I paused. “Is Hawk dictating to the Erickson-Meyers clan now?” I asked.
Gustolf smiled. I’d asked the right question. “No. Kara has been elected to speak for us, even with the house arrest. She says the fastest way to find out the truth is to let you do your thing.”
“Good for her,” I said, and meant it. “Is she giving out a lot of orders?”
“Yes, but they all make sense.”
Even better; from the look of him, she’d won their respect, no small thing. Kara had just become a major player in the Guild, at least until the Erickson-Meyers family sent somebody over from Europe, which they might decide not to do.
“You want him in or out?” Gustolf asked, referring to Stone.
Now I smiled. Choices. And, surprisingly, a Kara I recognized was working for me behind the scenes. Maybe she hadn’t betrayed me after all. They had said she’d spoken for me.
“I’d rather take a look without him the first time,” I said. “It’s an easier read.”
“Go ahead.” He moved out of the way.
Stone sent him some kind of private message over telepathy, and Gustolf crossed his arms.
“Kara says Adam’s the expert,” Gustolf said, out loud, making a point. “What he wants goes until Kara says differently.

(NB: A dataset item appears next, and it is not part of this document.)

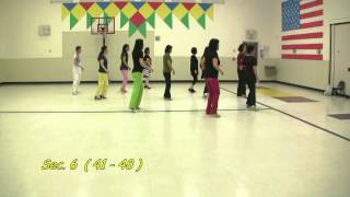 &5-6Step left next to right, Touch right toe forward with right knee bent, HOLD

I’ve told you before. What Johanna has to say is her business. She has the right. But we’re not letting this go. Nobody’s getting in without permission.”
Stone sent something else; I got the edge of its passage through Mindspace but no real content.
“Enforcement has already made its position clear,” Gustolf said. “If you go through me, the rest of the family would be glad to show up in response.”
Stone looked frustrated. “We’re on the same side,” he said. “I am not the one trying to eliminate evidence. That’s not me.”
A disturbance in Mindspace—
And a one-foot flame appeared in Gustolf’s hand. His humor was gone. “You try to influence me again and I will burn you alive.”
The air nearly crackled in front of Stone as his mind settled for battle. Enforcement training was brutal. He’d probably been burned before and wouldn’t blink at doing it again. With Guild medics on standby, your opinion of serious damage changed radically.
“Stop,” I said.
Both glanced at me. Heat poured from the flame in Gustolf’s hand. Mindspace rippled from the force Stone was holding in potentiality.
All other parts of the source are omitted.